Table of Contents
Torts against persons – Law of Torts
1. Introduction:
- Tort wrongs refer to as the civil wrongs that occur in the society apart from breach of contract and breach of trust. There are various types of torts, but the torts against persons is called trespass to a person.
- The principle of trespass was that any direct invasion of a protected interest from a positive act actionable subject to justification. If the invasion was indirect, although foreseeable or if the invasion was from an omission as distinguished from a positive act, there might be no liability in trespass through the wrong-doer may need been liable in another sort of action.
- There are two important rules of trespass: (1) it is not for the defendant to plead and prove justification and not for the plaintiff to show that the defendant’s conduct was unreasonable; and (2) damage is not an essential element and need not be proved by the plaintiff.
- The trespass is mainly of three forms, which are assault, battery, and false imprisonment. The importance of trespass lies in that it can be used for protection of one’s liberty and vindication of constitutional rights. “Trespass trips up the zealous bureaucrat, the eager policeman and therefore the officious citizen.”
2. Torts against Persons:
(i) Assault:
- An assault is an attempt or a threat to do a corporeal hurt to another, coupled with an apparent present ability and intention to do the act.
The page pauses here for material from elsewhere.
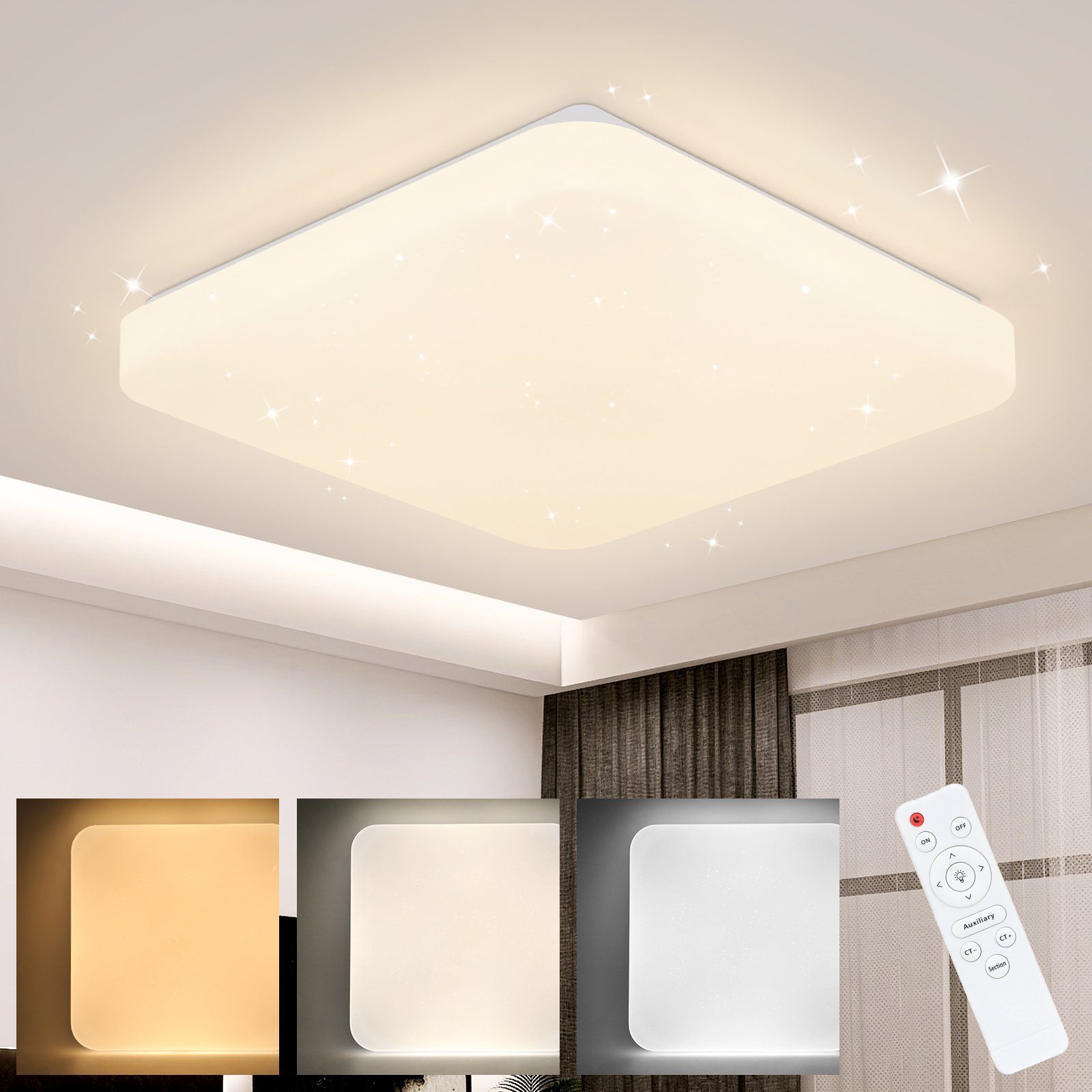 Tähtitaivasmuotoilu: Tämä LED-kattovalaisin on valmistettu korkealaatuisesta muovista ja raudasta. Se sulautuu täydellisesti kattoon tyylikkään ja yksinkertaisen muotoilunsa ansiosta, ja se sopii monenlaisiin sisustustyyleihin. Lampunvarjostin koostuu lukemattomista pienistä läpikuultavista pisteistä, joiden läpi valo pääsee esteettä loistamaan, mikä antaa koko lampunvarjostimelle ainutlaatuisen tähtitaivasefektin.

- Actual contact isn’t necessary in an assault, though it’s during a battery. But it’s not every threat, when there’s no actual personal violence that constitutes an assault; there must, altogether cases, be the means of carrying the threat into effect.
- “ Any gesture calculated to excite within the party threatened an inexpensive apprehension that the party threatening intends immediately to supply violence, or, within the language of the Indian Penal Code is ‘about to use criminal force’ to the person threatened, constitute, if including a gift ability to hold such intention in execution, an assault in law.
- The intention as well as the act makes an assault.
- Therefore, if one strikes another upon the hand, or arm, or breast in discourse, it is no assault, there being no intention to assault; but if one, intending to assault, strikes at another and misses him, this is often an assault; so if he holds up his hand against another during a threatening manner, and says nothing, it is an assault.
(ii) Battery:
- A battery is the intentional and direct application of any physical force to the person of another. It is actual striking of another person, or touching him in a rude, angry, revengeful, or insolent manner.
- A battery includes an assault which is briefly stated is an overt act evidencing an instantaneous intention to commit A battery . It is mainly distinguishable from an assault within the incontrovertible fact that physical contact is important to accomplish it. It cannot mean merely an injury inflicted by an instrument held within the hand, but it includes all cases where a celebration is struck by any missile thrown by another.
- It doesn’t matter whether the force is applied on to physical body itself or anything coming in touch with it. In order to establish the tort of battery, the plaintiff must however prove that force used was without lawful justification. Thus, to throw water at an individual is an assault, if any drops strike him, it’s A battery .
- So too, of riding a horse at a person is an assault; riding it against him is battery. Pulling away a chair as a practical joke, from one who is about to sit on it is probably an assault until he reaches the floor, for a while falling he reasonably expects that the withdrawal of the chair will end in harm to him. When he comes in touch with the ground , it’s battery.
- The term assault is commonly used to include battery. But every laying on of the hands is not a battery. The party’s intention must be considered. Touching a person, for instance so as merely to call his attention, is not battery.
- Mayhem- is another most serious form of battery.
(iii) False imprisonment:
False imprisonment may be a total restraint of the freedom of an individual , for, however, short time, without a lawful excuse. The word “false” means wrong or erroneous. It is a tort of strict liability and therefore the plaintiff has to not prove fault on the a part of the defendant. To constitute this wrong two things are necessary:
(1) The total restraint of the liberty of the person: The detention of the person may be either actual or physical and constructive, i.e., by mere show of authority.
(2) The detention must be unlawful. The period that the detention continues is immaterial. But it must not be lawful. If one compels another to stay in a given place against his will, he imprisons that other just as much as if he locked him up in a room; compelling a person to travel during a given direction against his will may amount to imprisonment; but if one man merely obstructs the passage of another during a particular direction, whether by a threat of private violence or otherwise, leaving him at the freedom to imprison him. Imprisonment may be a total restraint of the freedom of the person, for however short a time, and not a partial obstruction of his will whatever inconvenience it’s going to bring to him.
A person may be liable for false imprisonment not only when he directly arrests or detains plaintiff, but also when he was “active in promoting or causing” the arrest or the detention. Apart from the cases where the liability can be fastened vicariously when the wrong is committed by a servant or agent, liability can also arise when arrest or detention is procured through the instrumentality of some officer.